Atrial fibrillation (AF) is the most common arrhythmia in humans. AF in people under 50 years of age occurs in less than 1% of the population, but its incidence increases with age, affecting up to 10% of those over 80 years of age.
However, it has been known for some years that the regular practice of sport has an influence on the development of AF. In fact, its occurrence is more frequent in endurance athletes who are highly trained and who have been performing very intense and tiring exercises for years. Moreover, between the ages of 40 and 50, AF is more frequent in this patient profile than in people of the same age who have not performed these levels of exercise.

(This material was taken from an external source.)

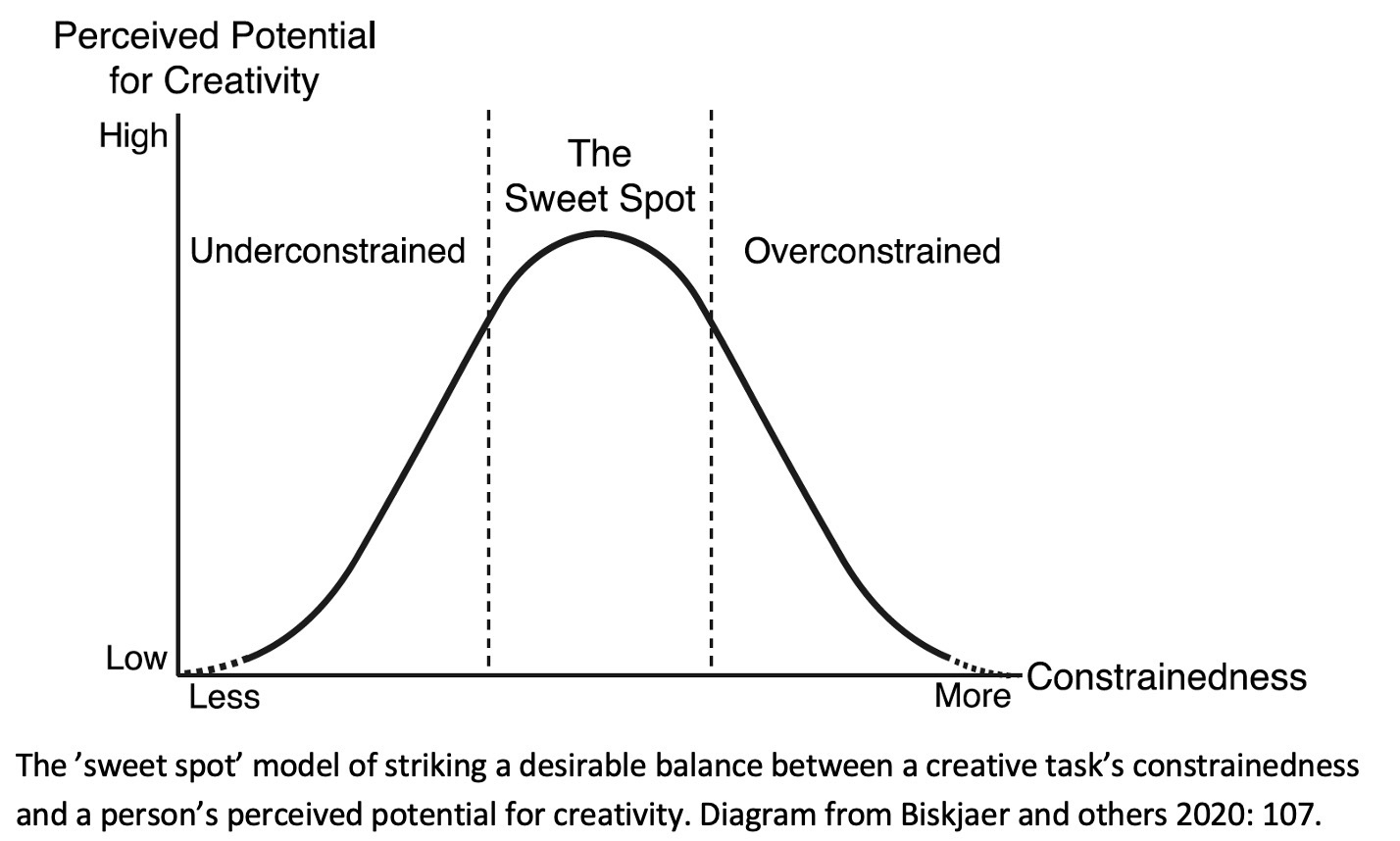 At the same time, the act of constraining must strike a balance to be most generative. A creative process can become over-constrained, just as it may (initially) be under-constrained: a ‘too high level of constrainedness (too little creative freedom) will make it hard for the person involved to initiate a resolution of a creative task, since it is cognitively more difficult to process all the given task constraints’ (Biskjaer and others 2020: 6).
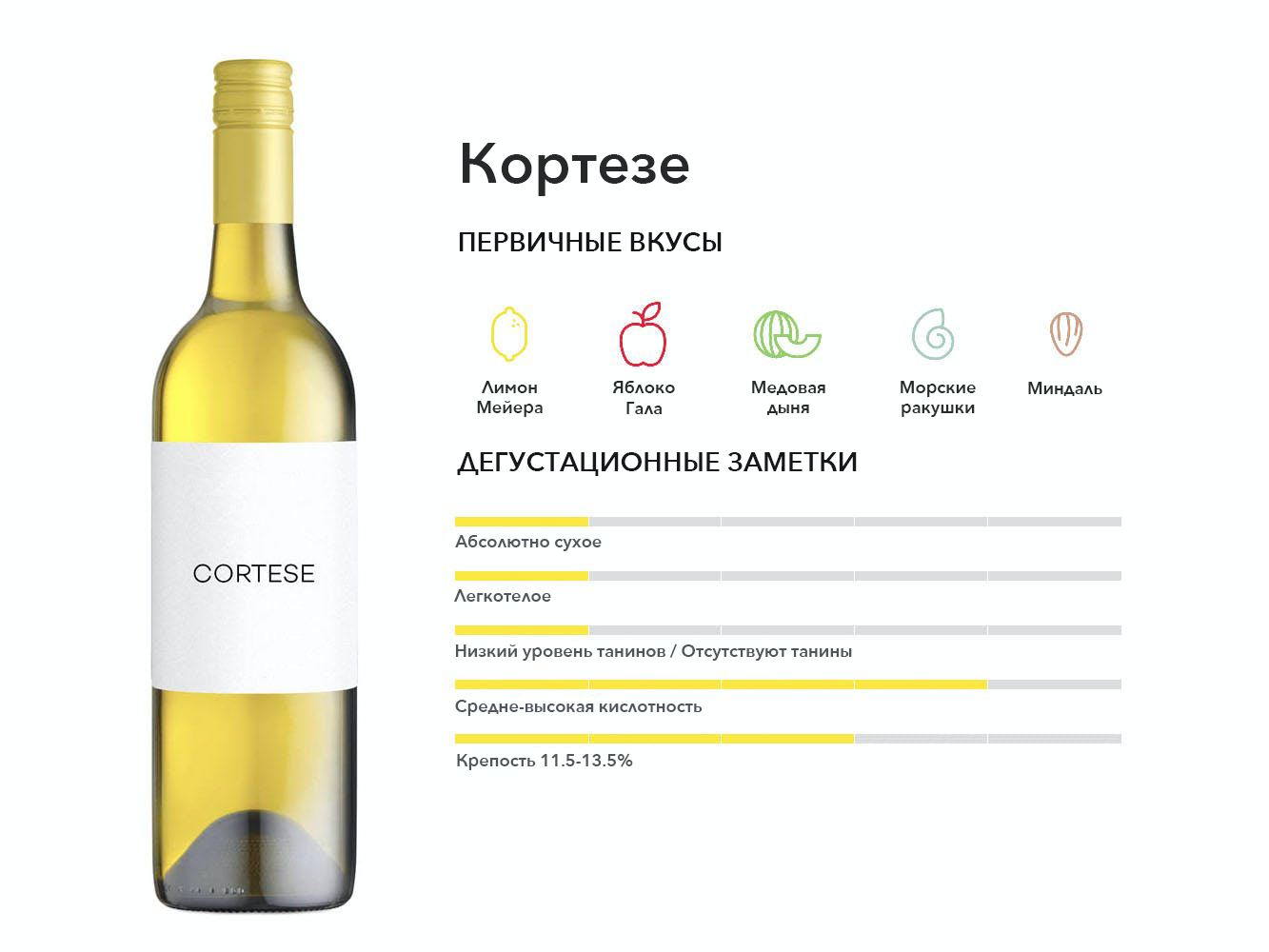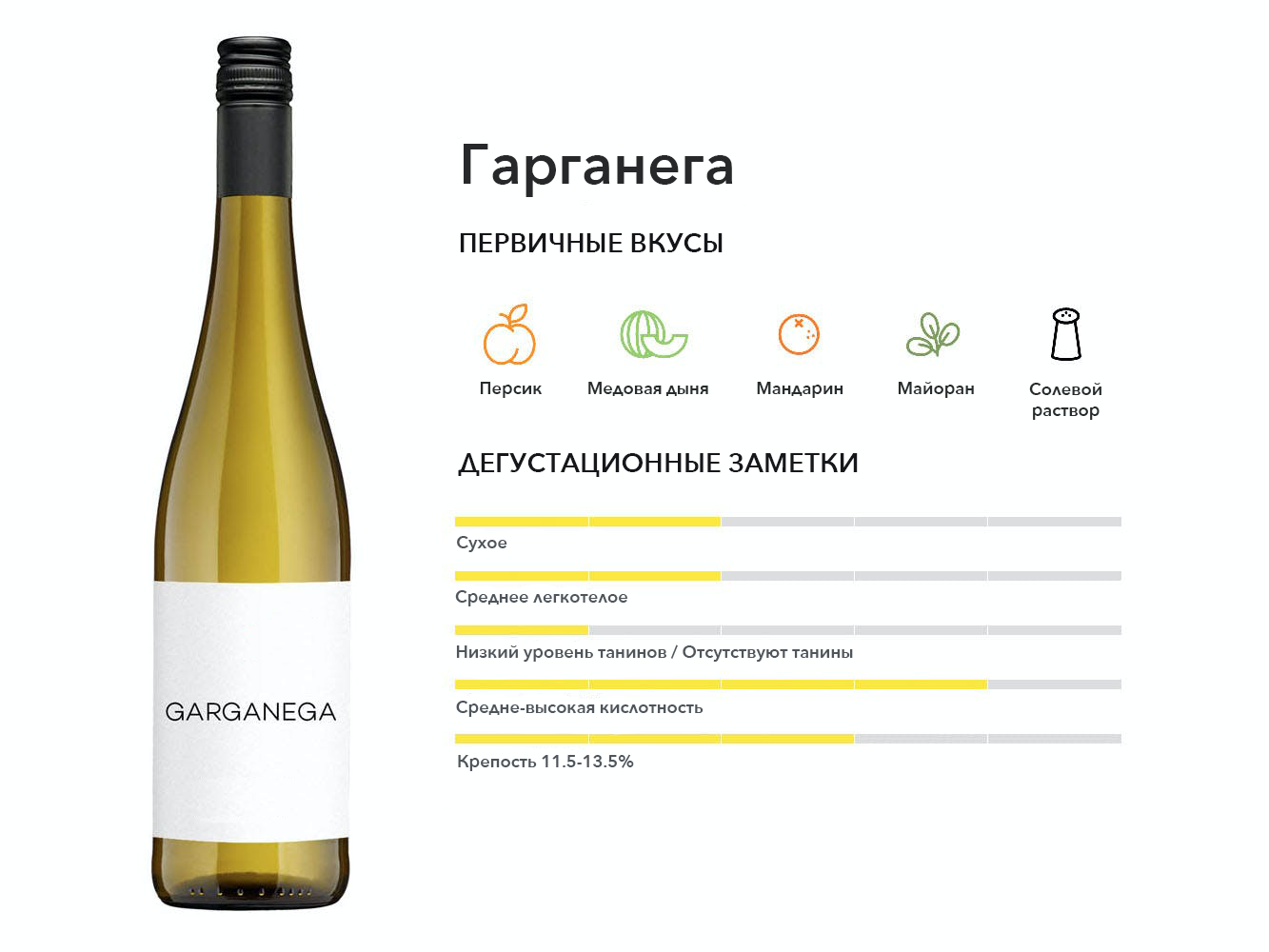 Важное итальянское белое вино, любимое за его постный, сухой стиль, который с возрастом приобретает богатые ноты мандарина и жареного миндаля. Гарганега - основной сорт винограда Соаве.

Causes of atrial fibrillation
There are several causes, among which the following stand out
- Continuous sport generates fibrosis in the atria (as premature aging).
- Elevated parasympathetic tone at rest produces bradycardia (less than 60 beats per minute).
As in the general population, the focus that usually triggers it is in the pulmonary veins.
Treatment of atrial fibrillation
The treatment options for AF in athletes are:
- Reduce the practice of sport: the problem is that most athletes are unwilling to do so. In addition, even if the degree of training is reduced, it is often not possible to improve the pathology once it has already begun.
- Drugs: in many cases they are not a good option, as they produce bradycardia and can reduce sports performance.
- Electrical isolation of the pulmonary veins: it is performed with radiofrequency or cryoballoon. It is the best option in many cases, especially in those patients who want to continue practicing sports and/or have symptomatic crises.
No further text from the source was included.